Find the x coordinates of the intersection points:

$\sqrt{9-x^2} = -\sqrt{9-x^2}$

$x = 3,-3$

So the integral is,
$\int_{-3}^{3} \int_{-\sqrt{9-x^2}}^{\sqrt{9-x^2}} ~dy~dx$

$\int_{-3}^{3} 2\sqrt{9-x^2}~dx$

$x \sqrt{9-x^2}+9 \arcsin \left(\frac{x}{3}\right) ~|^{3}_{-3}$

$9\pi$
• May 1st 2008, 04:15 AM
Moo
Hi !

Quote:

Originally Posted by wingless
If you know how to evaluate double integrals it's easy.
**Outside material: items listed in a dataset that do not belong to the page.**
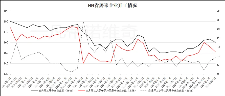 HN省2026年2月有开工记录的屠宰场共160家,环比2026年1月减少3家,比去年同期增加9家,其中屠宰天数小于10天的屠宰企业由上月的7家增长为9家,开工数大于10天的屠宰企业151家,比上个月减少5家。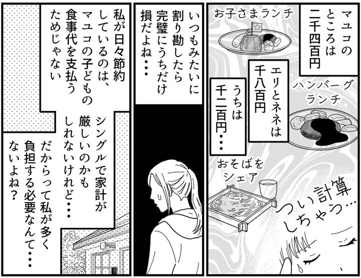 その日、私たちは子連れランチをしました。マユコのところは2人分を注文、エリとネネは大人の分にお子さまランチを追加、うちはまだ子どもが小さいから1人分を頼んでシェア。私は頭のなかでつい細かく計算してしまいます。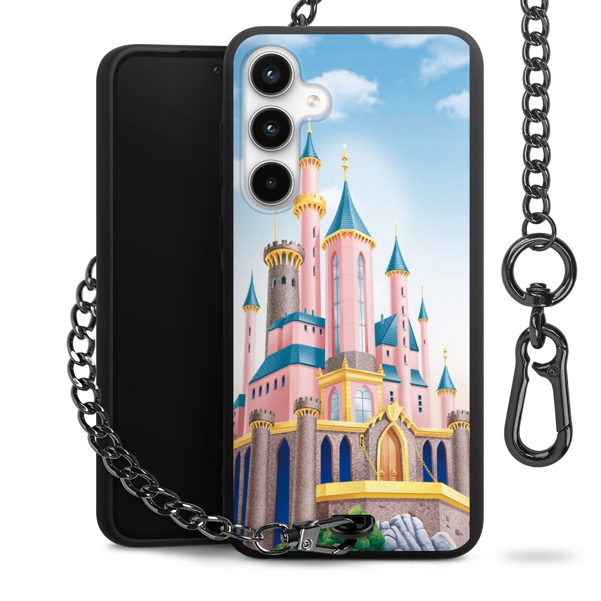 • Mattschwarze Handyhülle mit Metallkette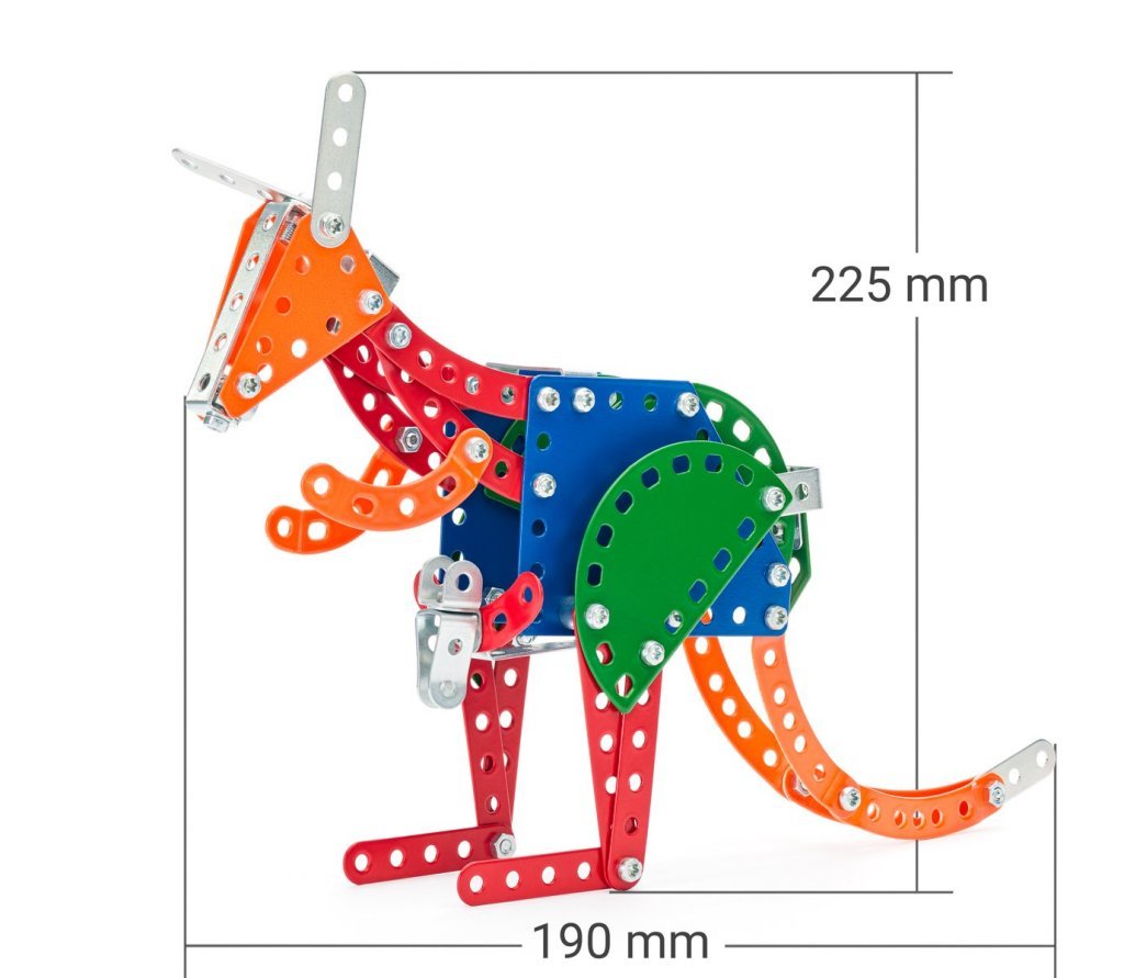 Stavebnica obsahuje kvalitné kovové diely, ktoré sa ľahko spájajú skrutky, čo podporuje rozvoj jemnej motoriky, logického myslenia a sústredenie.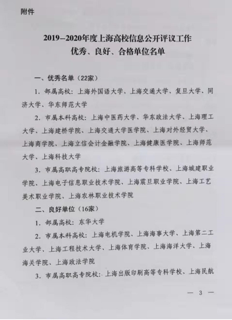 近日,上海市教委发布《上海市教育委员会关于公2019-2020年度上海高校信息公开评议结果的通知》(沪教委办〔2021〕23号),公布了2019-2020年度上海高校信息公开评议工作优秀单位。永利官网连续第四年获此殊荣。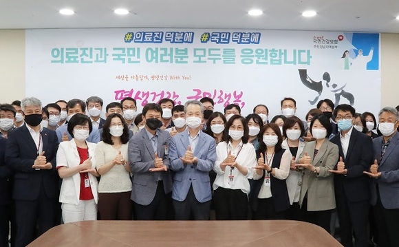 국민건강보험 부산경남지역본부는 8일 오전 코로나19 관련 일선 의료현장에서 헌신 중인 의료진에 대해 감사를 표하기 위해 '덕분에 챌린지' 캠페인에 동참했다.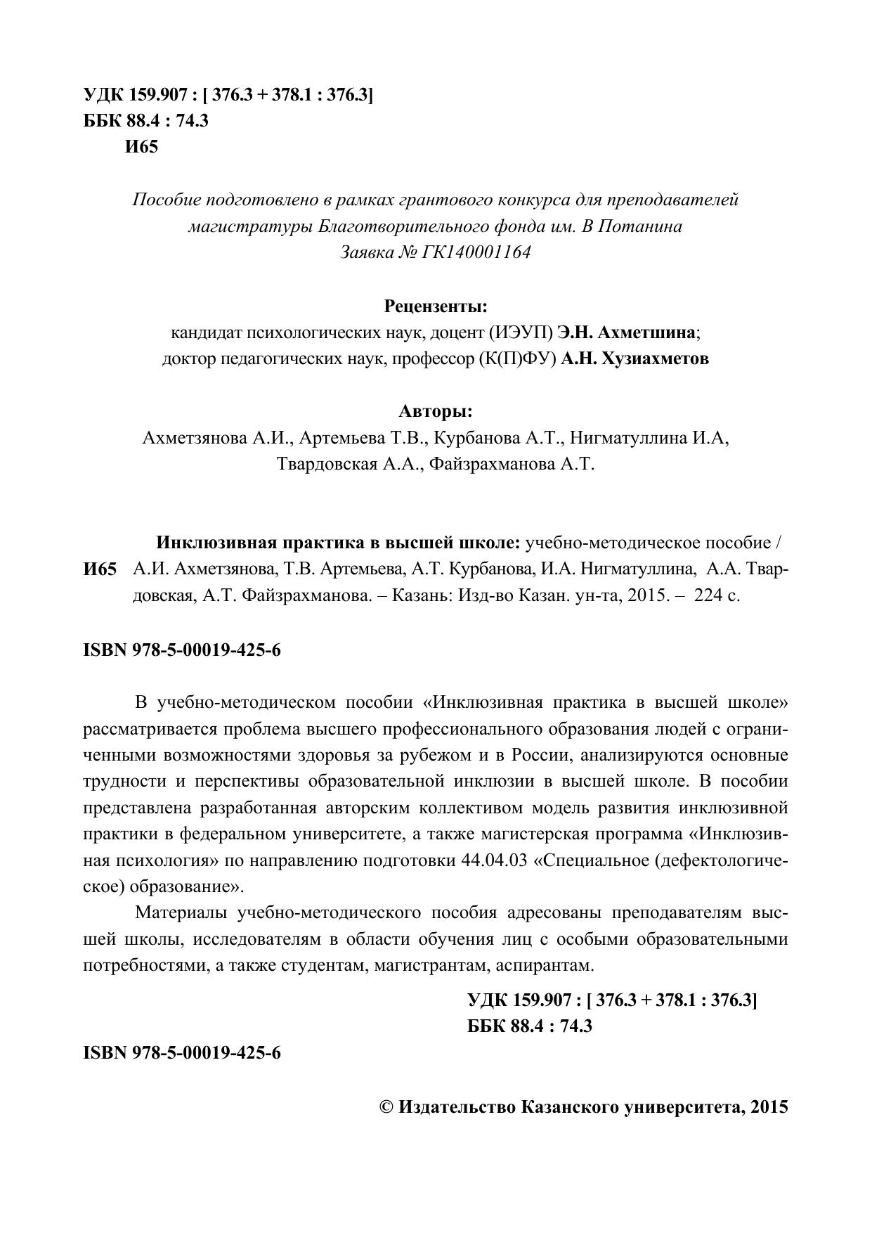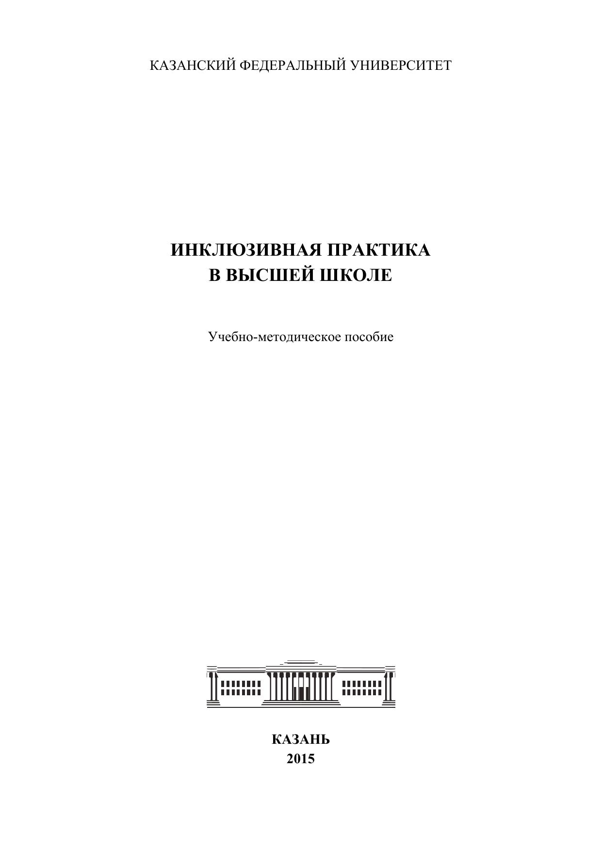 В учебно-методическом пособии «Инклюзивная практика в высшей школе» рассматривается проблема высшего профессионального образования людей с ограниченными возможностями здоровья за рубежом и в России, анализируются основные трудности и перспективы образовательной инклюзии в высшей школе. В пособии представлена разработанная авторским коллективом модель развития инклюзивной практики в федеральном университете, а также магистерская программа «Инклюзивная психология» по направлению подготовки 44.04.03 «Специальное (дефектологическое) образование». Материалы учебно-методического пособия адресованы преподавателям высшей школы, исследователям в области обучения лиц с особыми образовательными потребностями, а также студентам, магистрантам, аспирантам.

I'm not sure to get the whole meaning of "evaluate double integrals"... I know how to calculate them that's all :P

Quote:

The area between f(x) and g(x) is

$\int_{b}^{a} \int_{g(x)}^{f(x)} ~dx~dy$

or

$\int_{d}^{c} \int_{g(y)}^{f(y)} ~dy~dx$

a and b are y coordinates, c and d are x coordinates of the intersection points of the curves.
Thanks for it, it's helping me a lot ! (Happy)
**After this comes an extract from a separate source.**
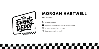 <div dir=ltr><table style=direction:ltr;border-collapse:collapse;><tr><td style=font-size:0;height:12px;line-height:0;></td></tr><tr><td><table cellpadding=0 cellspacing=0 border=0 style=width:100%; width=100%><tr><td><table cellpadding=0 cellspacing=0 style=border-collapse:collapse;line-height:1.15;><tr><td style="height:1px;width:65px;vertical-align:top;padding:.01px 1px;"><table cellpadding=0 cellspacing=0 style=border-collapse:collapse;><tr><td style="vertical-align:top;padding:.01px 1px 0.01px 0.01px;width:65px;text-align:center;"><img border=0 src=https://d36urhup7zbd7q.cloudfront.net/u/M8Da6837ryl/e2b5e0e9-213d-4df8-bd67-0af49d4cf4e7__400x401__.png height=65 width=65 alt=photo style=width:65px;vertical-align:middle;border-radius:0;height:65px;border:0;display:block;></td></tr></table></td><td valign=top style="padding:.01px 0.01px 0.01px 14px;vertical-align:top;"><table cellpadding=0 cellspacing=0 style=border-collapse:collapse;><tr><td style="line-height:1.2;padding:.01px 0.01px 14px 0.01px;border-bottom:solid 2px #000000;" nowrap><p style=margin:.1px;line-height:120%;font-size:16px;><span style=font-family:Verdana;font-size:16px;font-weight:bold;color:#212121;letter-spacing:0;white-space:nowrap;>Morgan Hartwell</span><br><span style=font-family:Verdana;font-size:13px;font-weight:bold;color:#646464;white-space:nowrap;>Director,<span> </span></span><span style=font-family:Verdana;font-size:13px;font-weight:bold;color:#646464;white-space:nowrap;>The Events Depot</span></p></td></tr><tr><td nowrap width=304 height=0 style=height:0;padding-top:14px;white-space:nowrap;width:304px;font-family:Verdana;><p style=margin:1px;line-height:99%;font-size:12px;><span style=white-space:nowrap;><img src=https://gifo.srv.wisestamp.com/s/rfem1/212121/26/trans.png style=line-height:120%;width:12px; width=12 alt=icon> <a href=tel:morgan.hartwell@events-depot.co.uk target=_blank style=font-family:Verdana;text-decoration:unset; rel="nofollow noreferrer"><span style=line-height:120%;font-family:Verdana;font-size:12px;color-scheme:only;color:#212121;white-space:nowrap;>morgan.hartwell@events-depot.co.uk</span></a></span></p></td></tr><tr><td nowrap width=384 height=0 style=height:0;padding-top:8px;white-space:nowrap;width:384px;font-family:Verdana;><p style=margin:1px;line-height:99%;font-size:12px;><span style=white-space:nowrap;><img src=https://gifo.srv.wisestamp.com/s/rfw1/212121/26/trans.png style=line-height:120%;width:12px; width=12 alt=icon> <a href=https://www.events-depot.co.uk target=_blank style=font-family:Verdana;text-decoration:unset; rel="nofollow noreferrer"><span style=line-height:120%;font-family:Verdana;font-size:12px;color-scheme:only;color:#212121;white-space:nowrap;>www.events-depot.co.uk</span></a> <img src=https://gifo.srv.wisestamp.com/s/rfa2/212121/26/trans.png style=line-height:120%;width:12px; width=12 alt=icon> <a href="https://maps.google.com/?q=Launceston, Cornwall" target=_blank style=font-family:Verdana;text-decoration:unset; rel="nofollow noreferrer"><span style=line-height:120%;font-family:Verdana;font-size:12px;color-scheme:only;color:#212121;white-space:nowrap;>Launceston, Cornwall</span></a></span></p></td></tr><tr><td nowrap width=238 height=0 style=height:0;padding-top:8px;white-space:nowrap;width:238px;font-family:Verdana;><p style=margin:1px;line-height:99%;font-size:12px;><span style=white-space:nowrap;><img src=https://gifo.srv.wisestamp.com/s/rfm1/212121/26/trans.png style=line-height:120%;width:12px; width=12 alt=icon> <a href=tel:07498753849 target=_blank style=font-family:Verdana;text-decoration:unset; rel="nofollow noreferrer"><span style=line-height:120%;font-family:Verdana;font-size:12px;color-scheme:only;color:#212121;white-space:nowrap;>07498 753849</span></a> <img src=https://gifo.srv.wisestamp.com/s/rfp2/212121/26/trans.png style=line-height:120%;width:12px; width=12 alt=icon> <a href=tel:01566501203 target=_blank style=font-family:Verdana;text-decoration:unset; rel="nofollow noreferrer"><span style=line-height:120%;font-family:Verdana;font-size:12px;color-scheme:only;color:#212121;white-space:nowrap;>01566 501203</span></a></span></p></td></tr><tr><td height=0 style="height:0;padding:14px 0.01px 0.01px 0.01px;"><table border=0 cellpadding=0 cellspacing=0><tr><td align=left style=padding-right:6px;text-align:center;padding-top:0;><p style=margin:1px;><a href=https://www.facebook.com/theeventsdepot/ target=_blank rel="nofollow noreferrer"><img width=24 height=24 src=https://gifo.srv.wisestamp.com/s/fb/3b5998/48/4/border.png style=float:left;border:none; border=0 alt=facebook /></a></p></td><td align=left style=padding-right:6px;text-align:center;padding-top:0;><p style=margin:1px;><a href=https://www.instagram.com/theeventsdepot/ target=_blank rel="nofollow noreferrer"><img width=24 height=24 src=https://gifo.srv.wisestamp.com/s/inst/E4405F/48/4/border.png style=float:left;border:none; border=0 alt=instagram /></a></p></td><td align=left style=padding-right:6px;text-align:center;padding-top:0;><p style=margin:1px;><a href=https://d36urhup7zbd7q.cloudfront.net/u/M8Da6837ryl/88eb3f2d-2a0b-4bb7-814e-bc9068d344d2__400x400__.png target=_blank rel="nofollow noreferrer"><img width=24 height=24 src=https://gifo.srv.wisestamp.com/s/ld/0077b5/48/4/border.png style=float:left;border:none; border=0 alt=linkedin /></a></p></td></tr></table></td></tr></table></td></tr></table></td></tr><tr><td height=0 style=height:0;line-height:1%;padding-top:16px;font-size:1px;></td></tr><tr><td><table cellpadding=0 cellspacing=0 width=100% style="border-collapse:collapse;width:100%;color:gray;border-top:1px solid gray;line-height:normal;"><tr><td height=0 style="height:0;padding:9px 8px 0 0;"><p style="color:#888888;text-align:left;font-size:10px;margin:1px;line-height:120%;font-family:Verdana ">IMPORTANT: The contents of this email and any attachments are confidential. They are intended for the named recipient(s) only. If you have received this email by mistake, please notify 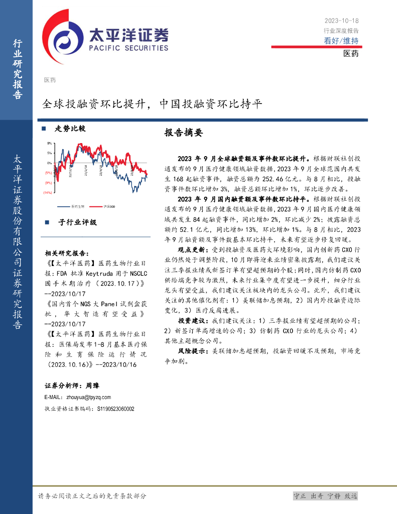 太平洋证券:医药行业深度:全球投融资环比提升,中国投融资环比持平.pdf

And what about things introducing multiplication by $\pi$ ? Is it always pi or can it be 2pi ? What is this about ?
• May 1st 2008, 04:35 AM
wingless
Quote:

Originally Posted by Moo
And what about things introducing multiplication by $\pi$ ? Is it always pi or can it be 2pi ? What is this about ?

Is it about the volume of a revolution formula $\pi \int^{a}_{b}f^2(x)~dx$ ?

It's always $\pi$ in this formula because it comes from the area of a circle $\pi\cdot r^2$.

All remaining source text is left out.